I know I am overdue for a really good, meaty craft post, and I am thinking about craft, I promise. I just haven’t had any huge revelations that have inspired me lately. My writing journey is a bit of a leaky faucet. At the beginning, knowing nothing, learning craft was like an open spigot. So much information poured through, I couldn’t absorb it fast enough. New knowledge, new flashes of inspiration come more slowly now. I’ve read and heard enough craft advice that it’s not as much about hearing something new as it is about hearing it in a different way, and being ready to hear it. I have to wait for something in my writing to need that information for it to process. Or maybe I am looking for the small droplets to gather enough momentum, to pool together and grow big enough to fall and create the ripple that will reshape my work.

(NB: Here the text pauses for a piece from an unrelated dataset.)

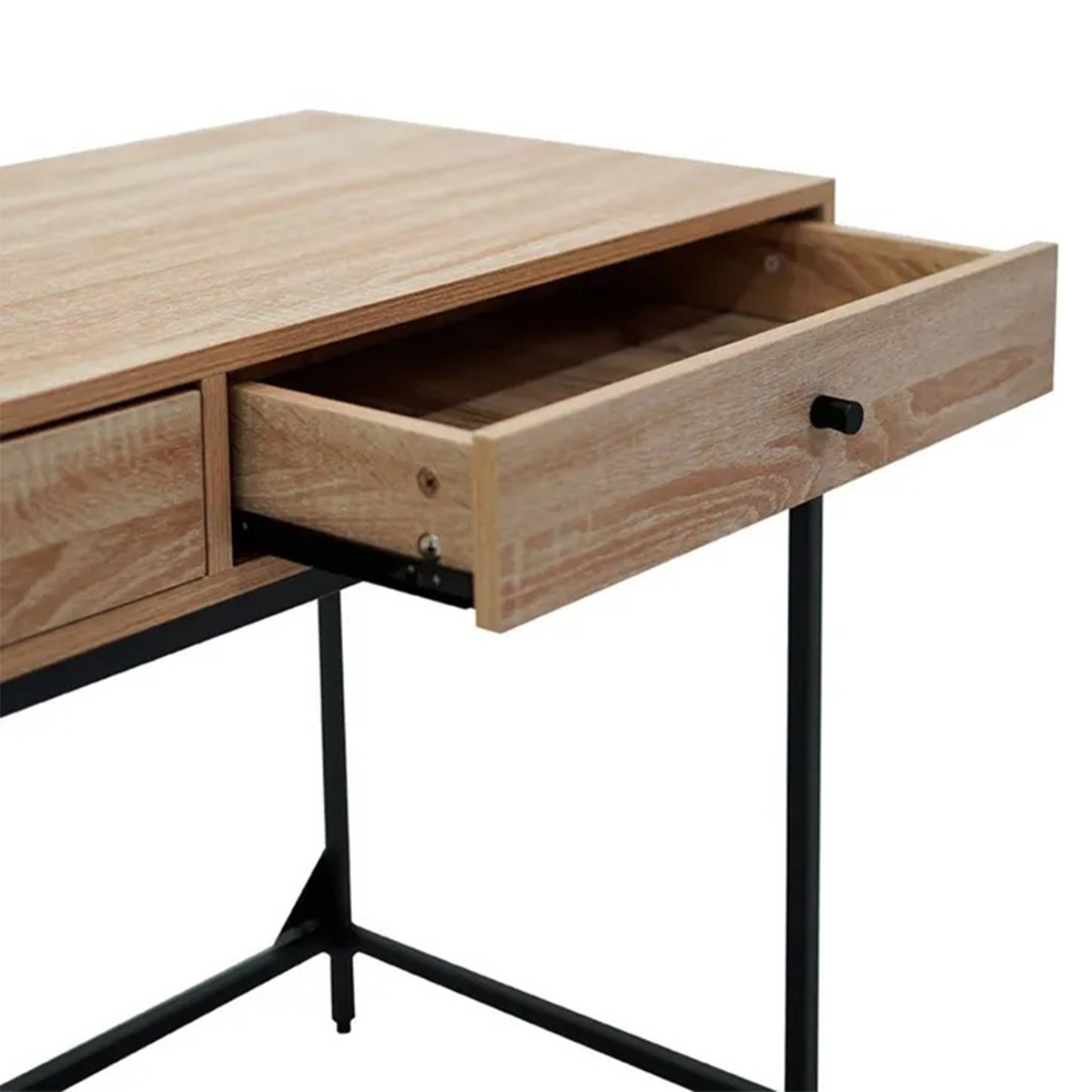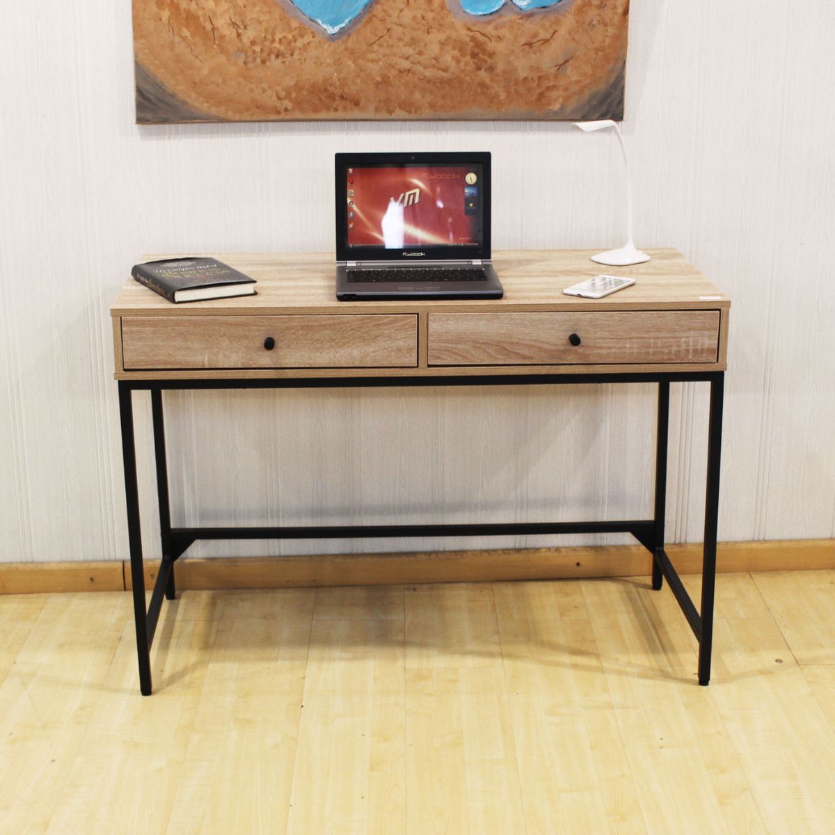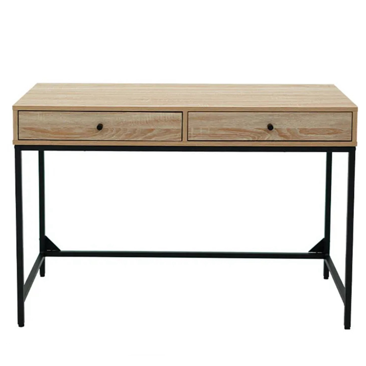 Es un hermoso escritorio elaborado en madera aglomerada con lamina de PVC, bases de metal y dos practicas gavetas que te ayudarán a organizar tus instrumentos de trabajo.

For various reasons, I’ve done a lot of thinking and discussing about critiquing and workshopping recently. In part this is because I had one of the worst critique experiences of my life a couple of weeks ago, when a new member joined my local critique group. I read her work ahead of time, and loved it. LOVED it. But it was a like reading two different manuscripts all jumbled together. Although she hadn’t yet finished her first draft, she had been workshopping and critiquing and submitting it to many different contests. Everyone recognized her talent, but she had gotten so much different advice that the work read like it had been written by committee. And when I suggested she needed to go back to her own voice, she said, “but that’s not what people are publishing.” And yet it is. Within her genre, that’s what the best books are like. She got so upset by my critique, so defensive and offended, that I actually resigned my group. I just felt I couldn’t work with her and didn’t want to stand in her way, or in the way of the rest of the group as a whole. In the long run, sadly, she is going to be the one leaving, and I truly, truly hope she will find the faith in the voice of her heart to see that she can write what she loves.
It’s such a fine line. Trusting yourself versus trusting what critique partners, or agents, or experts have to say. The market is fickle, and we are all here searching for answers. I wish I had them. There are so many writers I want to hug and remind that they need to BELIEVE. Just BELIEVE. It will come. Maybe not tomorrow, or the next day. But it will come, because they have something important to say.
For me, I think that’s the whole point of writing. We’re communicating. It’s entertainment, sure, but the stories I love and connect with are those that have some essential truth to share. Some inner core of beauty or ugliness that makes its way from the page to burrow into my soul.
Last week, I talked about the emotional heart of a story. For me, THAT is what writing is about. It’s not about a great plot, or the mot juste, or a finely crafted sentence. Those have to be there too, but writing is also about creating a line from one heart to another.
There are many different hearts out there. Everything we read, every critique comment we receive, every workshop we attend grows ours a little more. Opens the spigot of our craft and knowledge a little bit more.
So if you are struggling, BELIEVE. Keep looking for the critique partners who will support you but give you honest feedback while letting you be yourself. I’m so blessed to have Marissa, Clara, Cici, Carol and Lisa Green along with my “real world” critique partners Karen and Elizabeth. Despite the solitary nature of writing, sometimes it takes a village to give us the courage to continue writing. The trick is that no matter how many critiques we get, no matter how many workshops we attend, we have to make our writing sound like it is our own, wholly our own. It can’t be written by a village.
Write what you love. Love what you write. But make sure there is something in the manuscript, on every page of your manuscript, that contains an essential truth–a different truth–from what is already being published. If your pages could have been written by anyone else, there probably isn’t enough of you on them yet.
So there. That’s my droplet of knowledge for the day. I hope it will ripple through my own writing.
What about you? What’s the essential truth of your writing journey? Have you found the nugget in your own story that only you can write? What makes you keep believing?